◆ **Records provided**:
"""

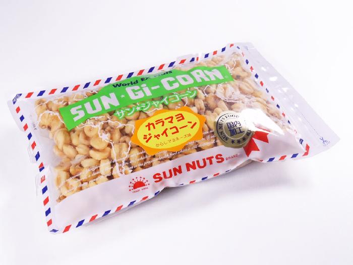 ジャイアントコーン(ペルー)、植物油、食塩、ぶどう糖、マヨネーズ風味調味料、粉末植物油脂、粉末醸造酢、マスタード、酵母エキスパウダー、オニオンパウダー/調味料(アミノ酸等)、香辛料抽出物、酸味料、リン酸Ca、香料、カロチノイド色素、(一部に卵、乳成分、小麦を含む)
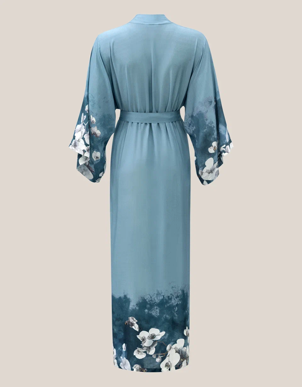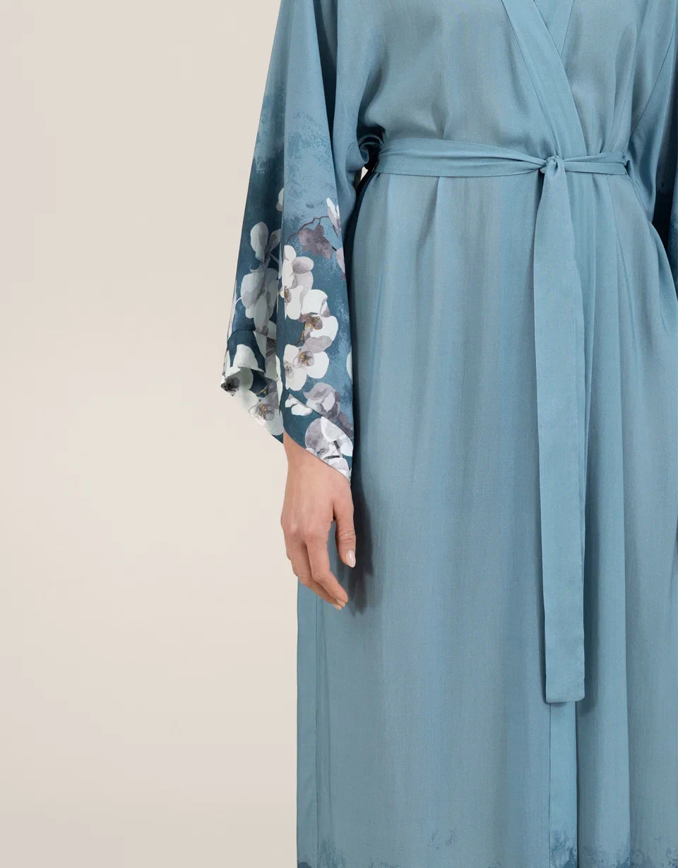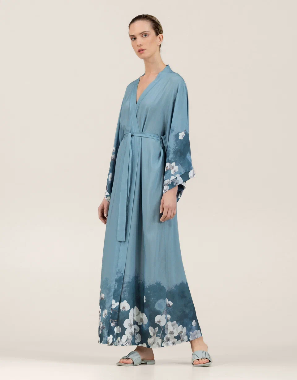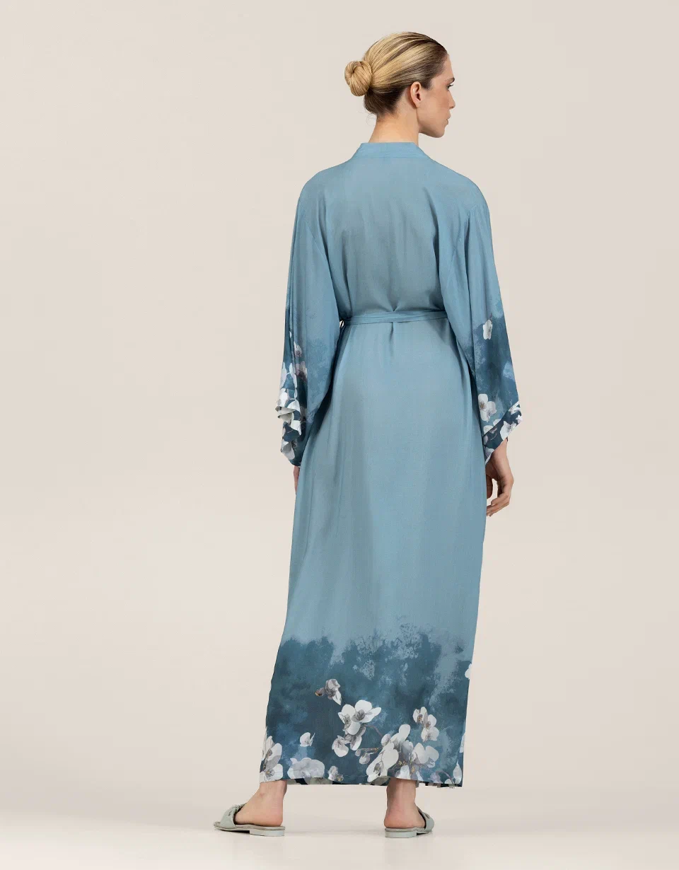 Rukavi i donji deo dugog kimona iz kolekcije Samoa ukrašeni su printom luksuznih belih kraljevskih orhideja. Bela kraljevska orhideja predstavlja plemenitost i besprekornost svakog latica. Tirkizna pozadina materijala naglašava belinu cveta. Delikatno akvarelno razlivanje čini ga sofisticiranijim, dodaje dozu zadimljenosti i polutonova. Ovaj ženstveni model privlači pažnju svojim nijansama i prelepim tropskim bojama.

"""
"""

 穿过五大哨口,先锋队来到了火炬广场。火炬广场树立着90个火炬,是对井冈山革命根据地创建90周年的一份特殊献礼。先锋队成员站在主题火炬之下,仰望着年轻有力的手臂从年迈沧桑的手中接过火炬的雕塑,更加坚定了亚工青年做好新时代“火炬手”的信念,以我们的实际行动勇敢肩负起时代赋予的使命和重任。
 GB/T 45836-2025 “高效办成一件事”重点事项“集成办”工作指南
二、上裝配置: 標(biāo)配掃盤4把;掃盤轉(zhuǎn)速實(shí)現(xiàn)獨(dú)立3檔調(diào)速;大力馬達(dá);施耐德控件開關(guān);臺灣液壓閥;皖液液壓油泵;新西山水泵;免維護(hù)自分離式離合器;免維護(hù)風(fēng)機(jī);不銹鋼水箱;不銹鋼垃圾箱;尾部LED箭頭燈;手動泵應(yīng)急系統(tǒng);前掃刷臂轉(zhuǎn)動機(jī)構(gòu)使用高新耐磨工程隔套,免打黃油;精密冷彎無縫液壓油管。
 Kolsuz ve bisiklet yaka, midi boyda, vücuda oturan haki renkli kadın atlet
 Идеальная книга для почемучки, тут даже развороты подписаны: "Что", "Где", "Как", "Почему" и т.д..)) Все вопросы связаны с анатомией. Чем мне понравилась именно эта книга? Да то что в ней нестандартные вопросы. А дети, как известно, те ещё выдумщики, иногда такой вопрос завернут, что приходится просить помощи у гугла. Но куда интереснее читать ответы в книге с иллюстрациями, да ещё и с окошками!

"""

◆ **What is expected**: Could you restate, word for word, the lines above from the one with "穿过五大哨口,先锋队来到了火" to the one with "Идеальная книга для", both included?

◆ **Task response**:
 穿过五大哨口,先锋队来到了火炬广场。火炬广场树立着90个火炬,是对井冈山革命根据地创建90周年的一份特殊献礼。先锋队成员站在主题火炬之下,仰望着年轻有力的手臂从年迈沧桑的手中接过火炬的雕塑,更加坚定了亚工青年做好新时代“火炬手”的信念,以我们的实际行动勇敢肩负起时代赋予的使命和重任。
 GB/T 45836-2025 “高效办成一件事”重点事项“集成办”工作指南
二、上裝配置: 標(biāo)配掃盤4把;掃盤轉(zhuǎn)速實(shí)現(xiàn)獨(dú)立3檔調(diào)速;大力馬達(dá);施耐德控件開關(guān);臺灣液壓閥;皖液液壓油泵;新西山水泵;免維護(hù)自分離式離合器;免維護(hù)風(fēng)機(jī);不銹鋼水箱;不銹鋼垃圾箱;尾部LED箭頭燈;手動泵應(yīng)急系統(tǒng);前掃刷臂轉(zhuǎn)動機(jī)構(gòu)使用高新耐磨工程隔套,免打黃油;精密冷彎無縫液壓油管。
 Kolsuz ve bisiklet yaka, midi boyda, vücuda oturan haki renkli kadın atlet
 Идеальная книга для почемучки, тут даже развороты подписаны: "Что", "Где", "Как", "Почему" и т.д..)) Все вопросы связаны с анатомией. Чем мне понравилась именно эта книга? Да то что в ней нестандартные вопросы. А дети, как известно, те ещё выдумщики, иногда такой вопрос завернут, что приходится просить помощи у гугла. Но куда интереснее читать ответы в книге с иллюстрациями, да ещё и с окошками!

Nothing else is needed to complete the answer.